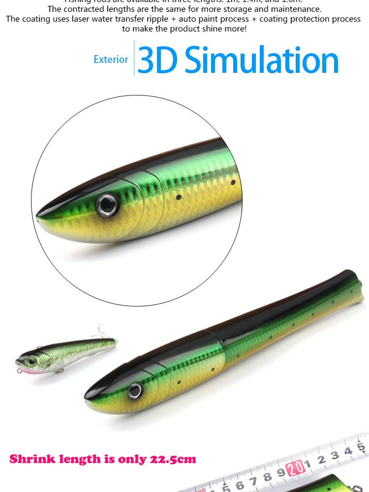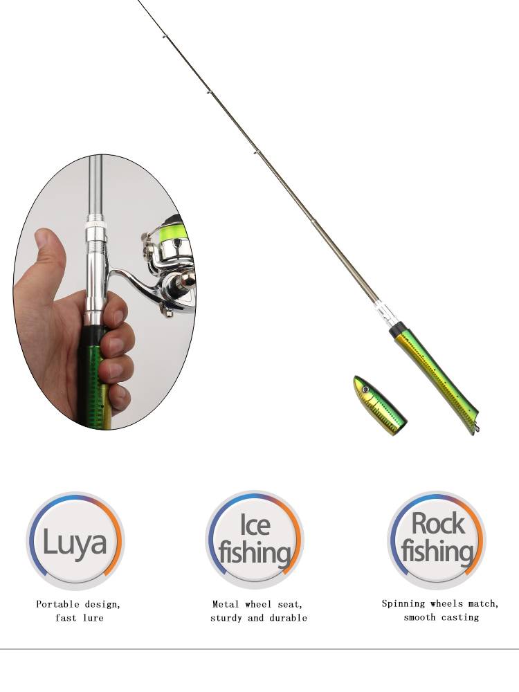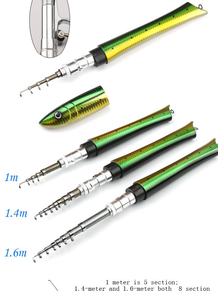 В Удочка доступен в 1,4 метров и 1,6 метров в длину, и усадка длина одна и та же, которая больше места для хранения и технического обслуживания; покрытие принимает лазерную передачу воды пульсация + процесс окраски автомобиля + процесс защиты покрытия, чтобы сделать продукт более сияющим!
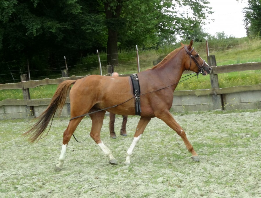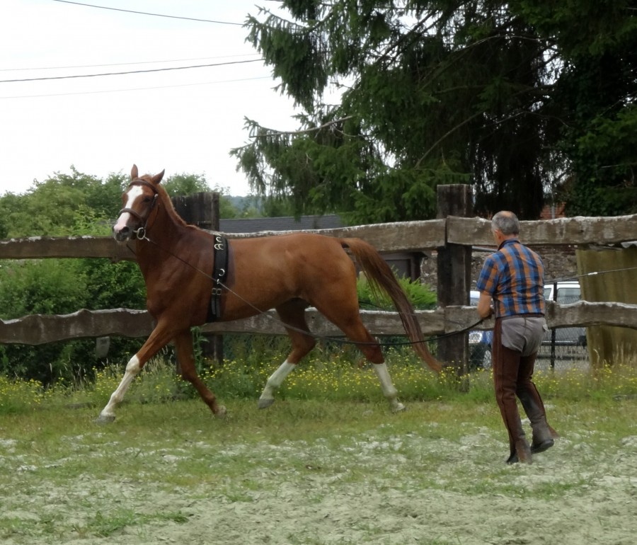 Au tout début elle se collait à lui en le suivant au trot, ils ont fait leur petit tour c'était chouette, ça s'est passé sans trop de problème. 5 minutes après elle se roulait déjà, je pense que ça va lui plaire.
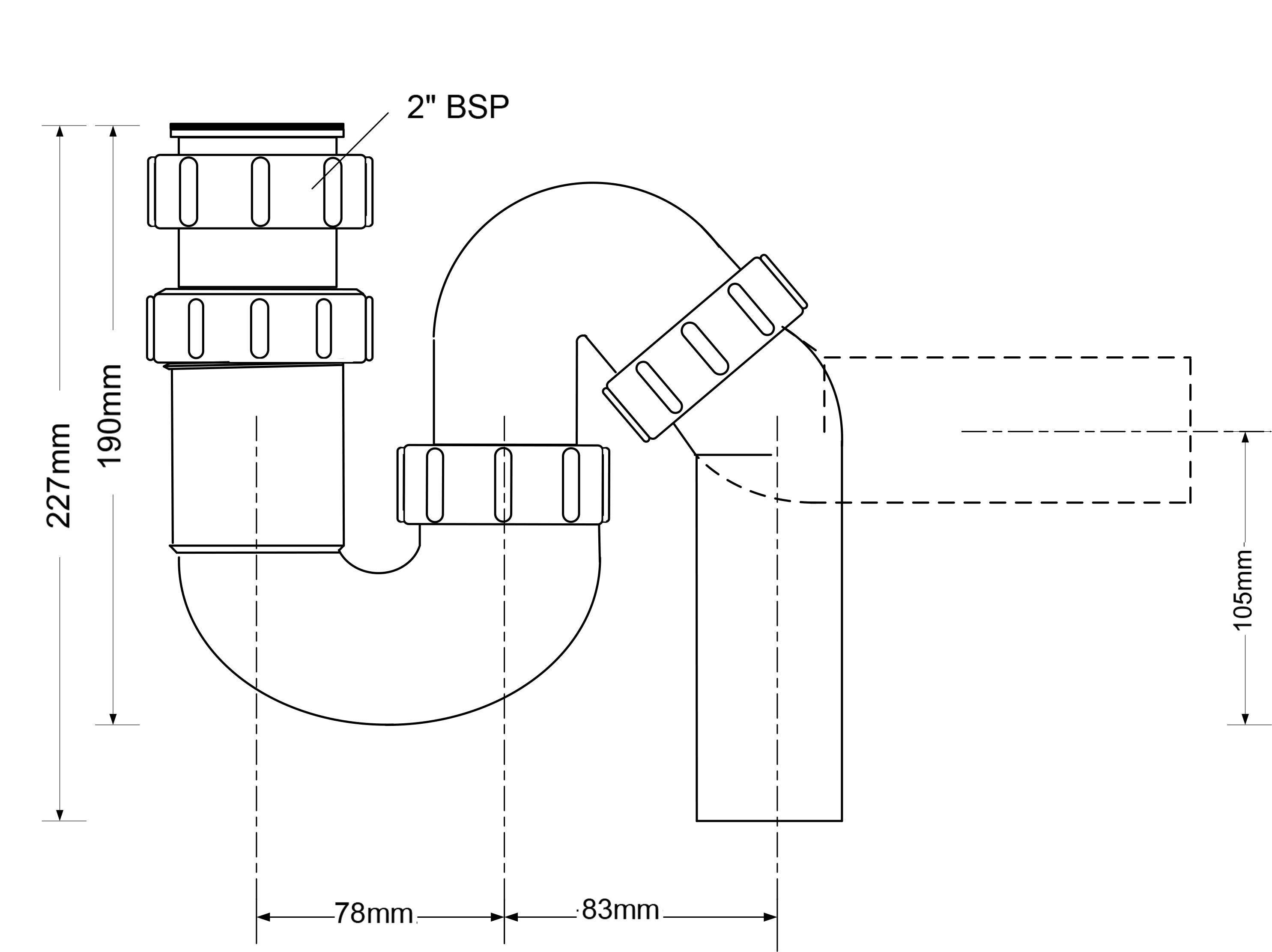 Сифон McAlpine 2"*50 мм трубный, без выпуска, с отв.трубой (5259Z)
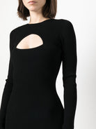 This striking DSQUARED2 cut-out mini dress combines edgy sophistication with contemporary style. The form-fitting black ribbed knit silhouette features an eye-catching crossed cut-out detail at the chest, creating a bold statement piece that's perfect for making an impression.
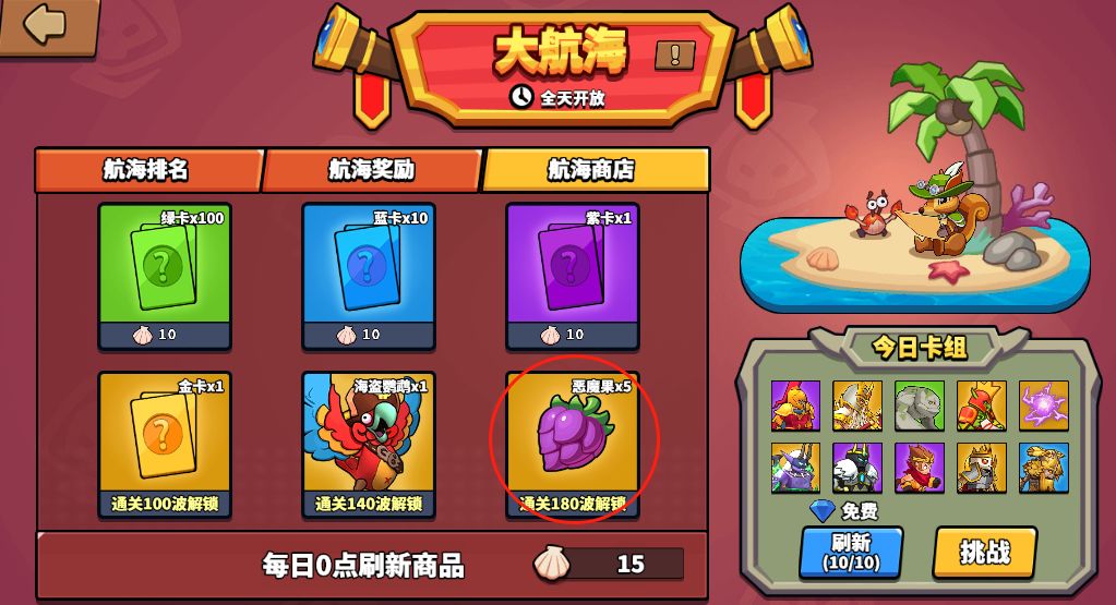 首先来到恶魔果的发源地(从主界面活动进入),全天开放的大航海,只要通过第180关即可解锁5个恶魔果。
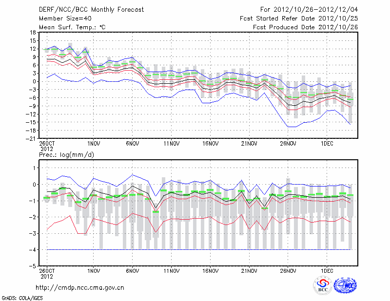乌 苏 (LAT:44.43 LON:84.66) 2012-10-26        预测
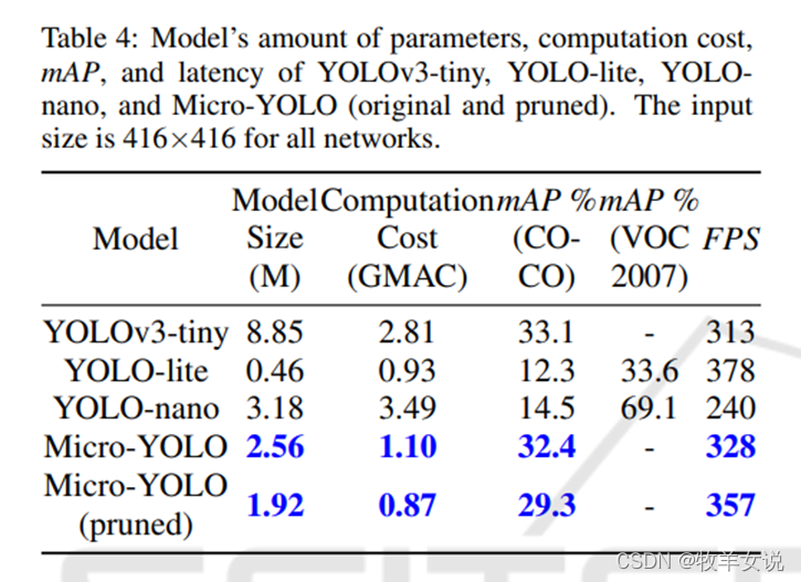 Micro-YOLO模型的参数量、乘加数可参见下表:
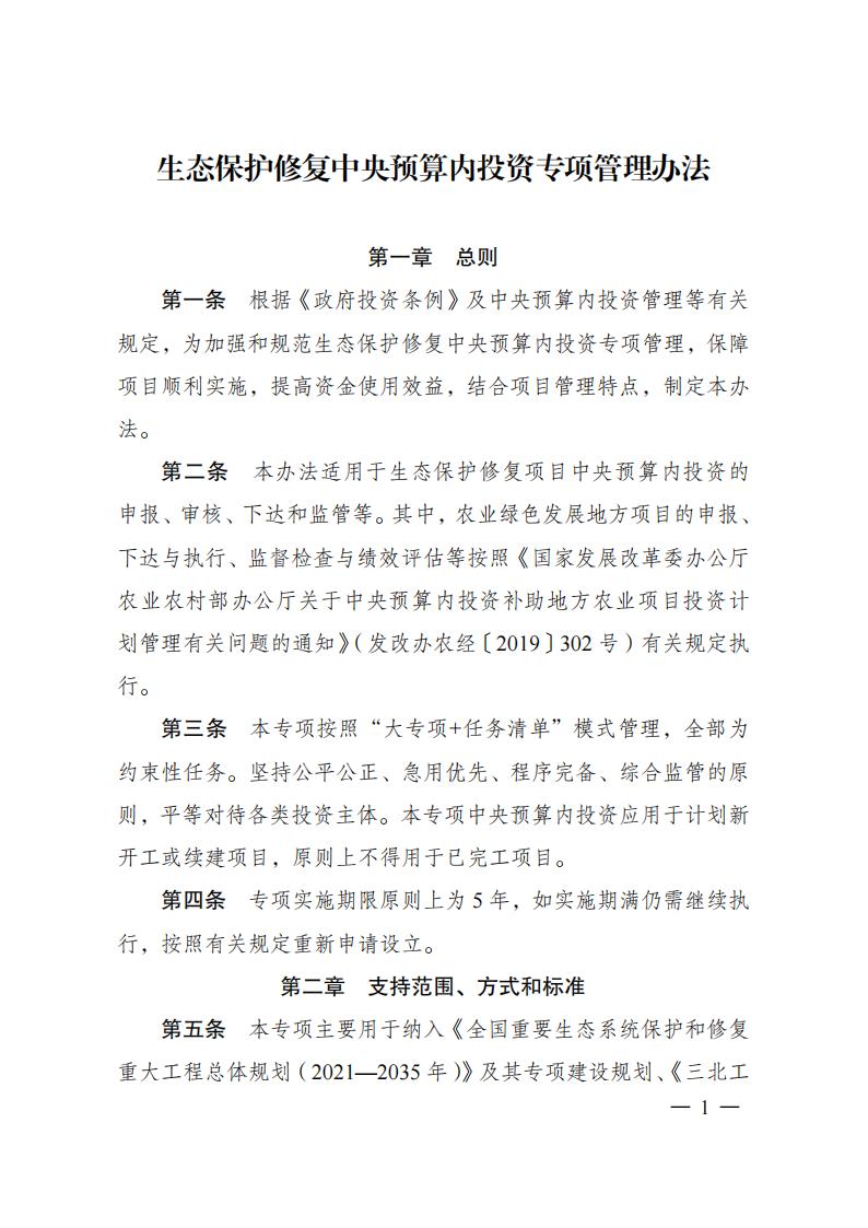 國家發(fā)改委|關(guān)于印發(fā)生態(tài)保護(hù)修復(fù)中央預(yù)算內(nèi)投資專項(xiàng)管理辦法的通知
┄┄┄┄┄┄
__What the task requires__:
Leaving the pictures out, set down all of the data again exactly.

__Answer section__:
 В Удочка доступен в 1,4 метров и 1,6 метров в длину, и усадка длина одна и та же, которая больше места для хранения и технического обслуживания; покрытие принимает лазерную передачу воды пульсация + процесс окраски автомобиля + процесс защиты покрытия, чтобы сделать продукт более сияющим!
 Au tout début elle se collait à lui en le suivant au trot, ils ont fait leur petit tour c'était chouette, ça s'est passé sans trop de problème. 5 minutes après elle se roulait déjà, je pense que ça va lui plaire.
 Сифон McAlpine 2"*50 мм трубный, без выпуска, с отв.трубой (5259Z)
 This striking DSQUARED2 cut-out mini dress combines edgy sophistication with contemporary style. The form-fitting black ribbed knit silhouette features an eye-catching crossed cut-out detail at the chest, creating a bold statement piece that's perfect for making an impression.
 首先来到恶魔果的发源地(从主界面活动进入),全天开放的大航海,只要通过第180关即可解锁5个恶魔果。
乌 苏 (LAT:44.43 LON:84.66) 2012-10-26        预测
 Micro-YOLO模型的参数量、乘加数可参见下表:
 國家發(fā)改委|關(guān)于印發(fā)生態(tài)保護(hù)修復(fù)中央預(yù)算內(nèi)投資專項(xiàng)管理辦法的通知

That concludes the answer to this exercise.